As promised, I have returned to the United States with a better understanding of your situation and the needs of the children in your village.
From my perspective, I would summarize the situation as follows:
You have several obstacles to a thriving and effective school including a lack of electricity, a lack of textbooks and other teaching materials, underpaid and underprepared faculty, Inconsistency in student attendance, inconsistency in teacher attendance, variation in teacher's use of English, and an inability to consistently and predictably get materials and money to the site.
Therefore, I believe the most effective way to improve student learning and increase effectiveness is to move your school system to what we in the United States call, “student - centered”.
This has become an increasingly popular methodology here in the US to overcome many of the same issues you are dealing with there (lack of attendance, dropout rates, inconsistent teacher supply). The educational research done here in the last 2 decades has shown that student-centered schools have in fact improved student learning, student engagement, and student outcomes.
The basic principle here is to put the emphasis on the student for driving his or her own learning. The teachers (or trained adult) in the room act more as a facilitator or coach and works one-on-one with students as needed. Because the emphasis is on student directed learning rather than teacher - centered delivery, the instruction is not affected by inconsistent attendance or lack of trained teachers.
I would propose that we begin by setting up a list of basic competencies for each of your grade levels (or preferably, a multi-age grouping). Then we would begin to assemble a variety of student hands-on activities to teach each of the competencies.
These activities would come with a small test and answer key for the teacher. The teacher then would mark off when a child passed on the competencies and they would move on to another.

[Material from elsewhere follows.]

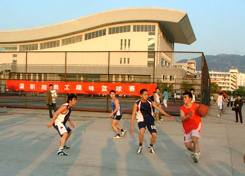 此次教工趣味篮球赛共有8支系部代表队参赛,分为A、B两个小组,进行巡回赛,每组的前两名出线。比赛的形式显得十分新颖,每队上场队员中必须是2名女教师加3名男教师,女教师每投进一个球,双倍计分。平时在篮球赛场上不常看到女教师的身影,这回纷纷披挂上阵,吸引了许多学生驻足观看,也赢得观众们阵阵掌声。这种新鲜的赛制更增加了比赛的趣味性、观赏性,同时通过比赛了也使学院各系部、处室之间增进了沟通和了解,加强了教师队伍的凝聚力。

Once a satisfactory number of competencies has been passed, the student would graduate to the next grade level.
If this is something that is of interest to you and your teachers, I will spearhead the development of the program here in the US. We may have to concentrate on one grade level at a time. Once the activities are put together, we would need to return to your school and provide a day or two of training with your teachers so that they would be familiar with how to help the students engage. We could start right away in this next term using many of the materials and activities that we left there at the school last week.
I believe this would be the most effective way to advance your school and would eliminate the pressure for monetary funds and / or the pressure to find and pay for registered teachers. The only obstacle might be securing the learning materials on a day-to-day basis.
You might be interested in knowing too, that as a result of our visit last week, we have 2 side organizations running - one to bring dresses to the girls in your village on our next visit and one to purchase and bring student tables your upper grade classrooms on our next visit.
I look forward to hearing from you and look forward to continued cooperation between us.